## TASK
A verbatim copy of the full data, with no pictures, is the expected answer.
═══ MATERIAL PROVIDED
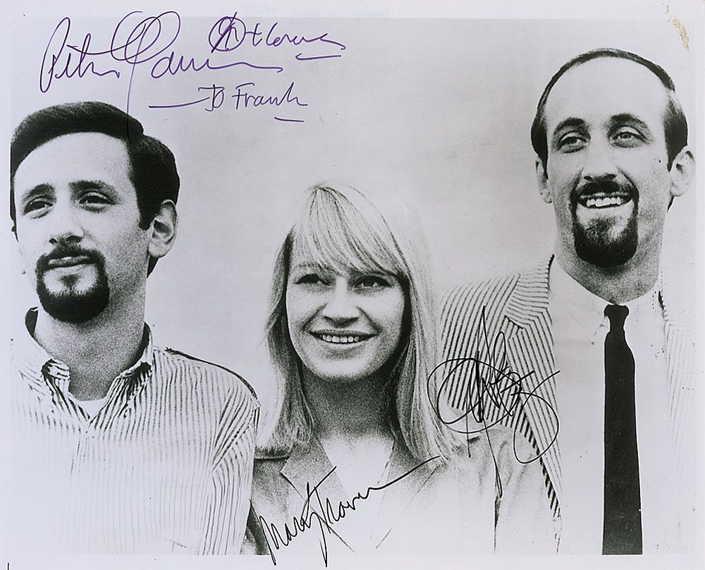 Vintage glossy 10 x 8 photo, signed and inscribed in purple felt tip “Peter Yarrow—To Frank,” adding a peace sign and “love” and signed in black felt tip by Mary Travers and Noel Stookey. In fine condition, with a bit of light soiling to top right corner.
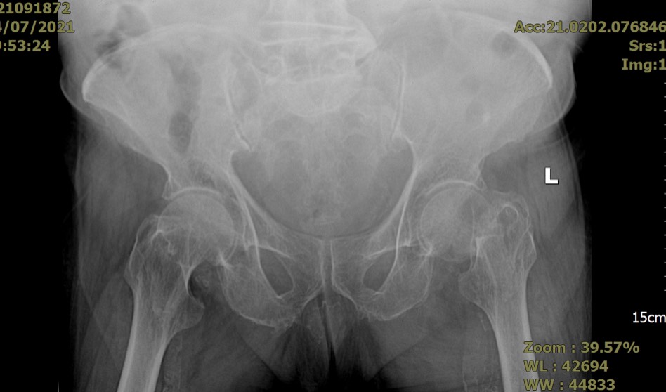 Bệnh nhân là cụ ông 91 tuổi, ở thị trấn Cát Bà, Cát Hải, Hải Phòng, ba ngày trước khi vào viện bệnh nhân bị ngã ngồi khi đang sinh hoạt tại nhà. Sau ngã bệnh nhân đau nhiều vùng háng trái và không thể ngồi dậy đi lại được, bệnh nhân chỉ có thể nằm và vệ sinh tại giường kèm đau đớn ngày đêm. Với tiền sử tăng huyết áp, tai biến mạch máu não cách đây 2 tháng, yếu nửa người trái, bệnh nhân được người nhà đưa vào Bệnh viện đa khoa Quốc tế Hải Phòng thăm khám. Tại đây, bệnh nhân được bác sĩ xác định gãy cổ xương đùi trái trên thể trạng già yếu có bệnh lý tim mạch rất nặng kèm theo. Nếu không can thiệp sớm sẽ dẫn đến nhiều biến chứng của gãy xương trên người già có thể nguy hiểm đến tính mạng.
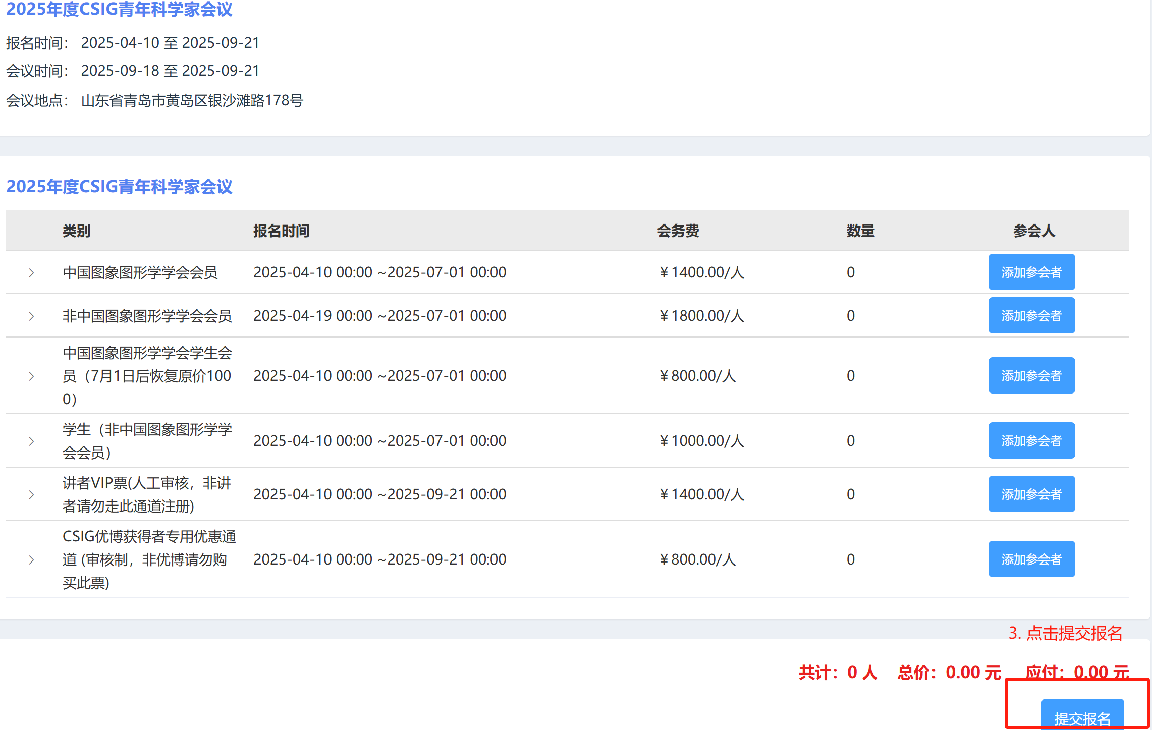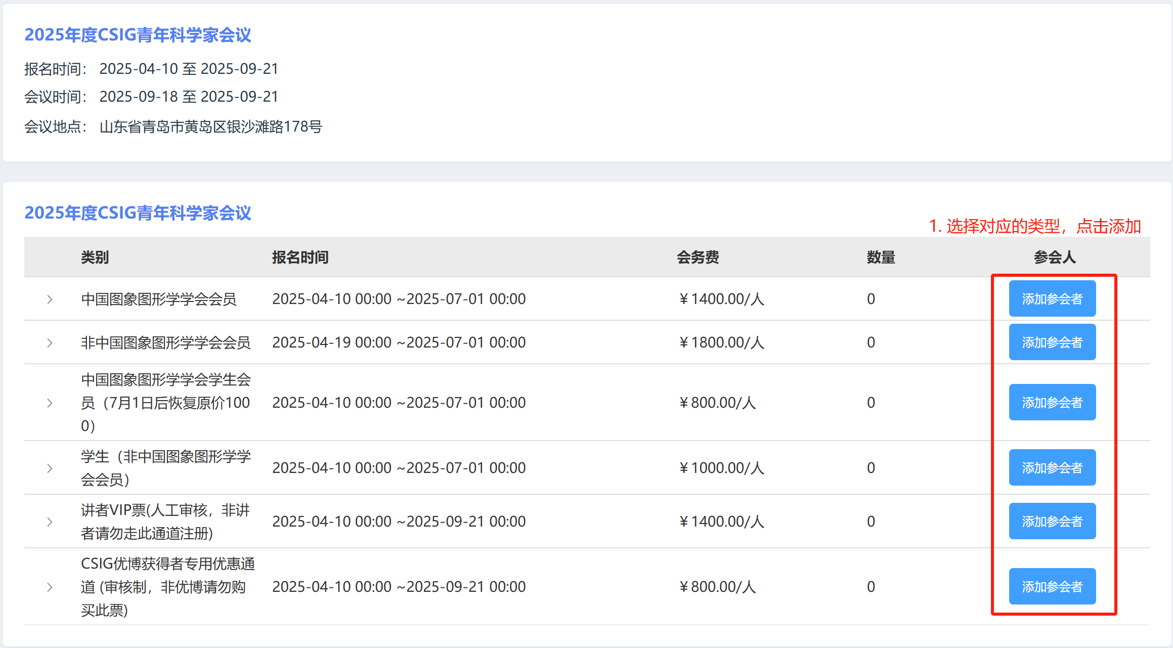 1. 请您按身份选择对应类型,点击“添加参会者”按钮,弹出新增信息框。
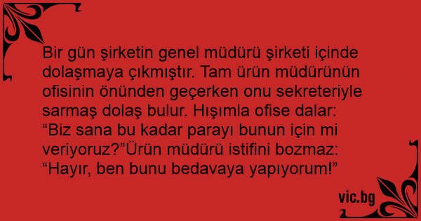 Bir gün şirketin genel müdürü şirketi içinde dolaşmaya çıkmıştır. Tam ürün müdürünün ofisinin önünden geçerken onu sekreteriyle sarmaş dolaş bulur. Hışımla ofise dalar:
══════
## REPLY TO THE EXERCISE
 Vintage glossy 10 x 8 photo, signed and inscribed in purple felt tip “Peter Yarrow—To Frank,” adding a peace sign and “love” and signed in black felt tip by Mary Travers and Noel Stookey. In fine condition, with a bit of light soiling to top right corner.
 Bệnh nhân là cụ ông 91 tuổi, ở thị trấn Cát Bà, Cát Hải, Hải Phòng, ba ngày trước khi vào viện bệnh nhân bị ngã ngồi khi đang sinh hoạt tại nhà. Sau ngã bệnh nhân đau nhiều vùng háng trái và không thể ngồi dậy đi lại được, bệnh nhân chỉ có thể nằm và vệ sinh tại giường kèm đau đớn ngày đêm. Với tiền sử tăng huyết áp, tai biến mạch máu não cách đây 2 tháng, yếu nửa người trái, bệnh nhân được người nhà đưa vào Bệnh viện đa khoa Quốc tế Hải Phòng thăm khám. Tại đây, bệnh nhân được bác sĩ xác định gãy cổ xương đùi trái trên thể trạng già yếu có bệnh lý tim mạch rất nặng kèm theo. Nếu không can thiệp sớm sẽ dẫn đến nhiều biến chứng của gãy xương trên người già có thể nguy hiểm đến tính mạng.
 1. 请您按身份选择对应类型,点击“添加参会者”按钮,弹出新增信息框。
 Bir gün şirketin genel müdürü şirketi içinde dolaşmaya çıkmıştır. Tam ürün müdürünün ofisinin önünden geçerken onu sekreteriyle sarmaş dolaş bulur. Hışımla ofise dalar:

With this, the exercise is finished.